The main controversy for investors relates to how soon a recession could fall upon us. Currently, the employment market is too strong, which tends to align with a strong environment for stocks and a weak one for bonds. That can change quite fast, but currently every indication is that companies want more staff. We are on the lookout for signs of that changing. The likely driver would be the rising amount of consumer spending that has to be channelled into non-discretionary spending. Motor fuel and food prices are rising for everyone. Utilities bills are a particular problem for those of us in Europe. Rents and house prices are rising fast in the US. Spending on discretionary consumer goods and services will reduce as a consequence. At some stage, the risk is that demand for consumer goods declines to a level below supply, at which point companies need to cut back on supply capacity and the labour market goes into reverse, followed by interest rates. These are the conditions that cause a recession, something which investors concede is required as a firebreak to end the cycle of inflating prices and wages. There will, of course, be volatility along the way, but it need not be the scarring events that we saw in 2002 or 2008.
Meanwhile in the East…
To varying degrees this is the challenge in many markets, but the one exception is China. Looking at the Chinese economy seems almost like going back in time to the middle of 2020. China has just completed the first of two lockdowns in Shanghai, during which residents are not permitted to leave their homes except to go to mandatory testing sites. The two lockdowns are lasting four days each, with the first covering the east of the city and the second covering the west. It is indicative of a heavy-handed Covid suppression policy that the Chinese Communist Party is having to impose in order to minimise the rise in infections.
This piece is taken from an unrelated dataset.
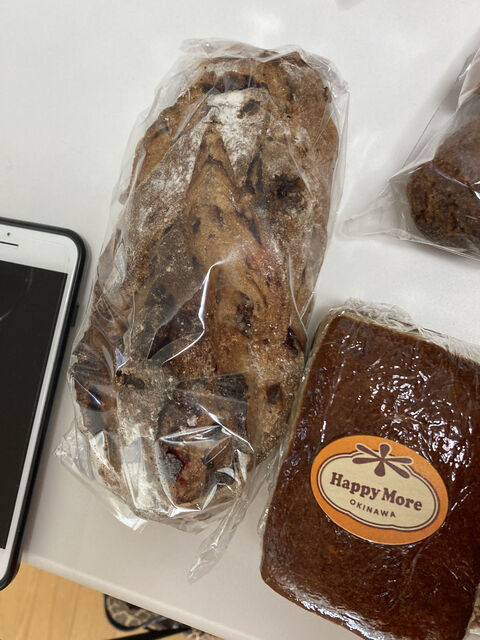 宜野湾のハッピーモア市場で購入した北中城村のパン屋さん”ときはや”のライ麦パン(クランベリーアーモンド)とハッピーモア市場オリジナルのバナナケーキ

In China there is virtually no natural immunity, the prevailing vaccine seems very ineffective against Omicron and vaccine take up is quite low even amongst cohorts of the population. The lockdowns are already evident in the disappointing purchasing managers’ indices that were released this week, but the situation is sure to deteriorate further.
China’s zero-Covid policy is a problem for its own economy where growth targets are being slashed during the year of Xi Jinping’s desired coronation, due at the National Congress of the Chinese Communist Party which will take place in the second half of this year. Nobody doubts this will take place and yet one has to wonder what impact the bungled Covid response is having on his standing within the party.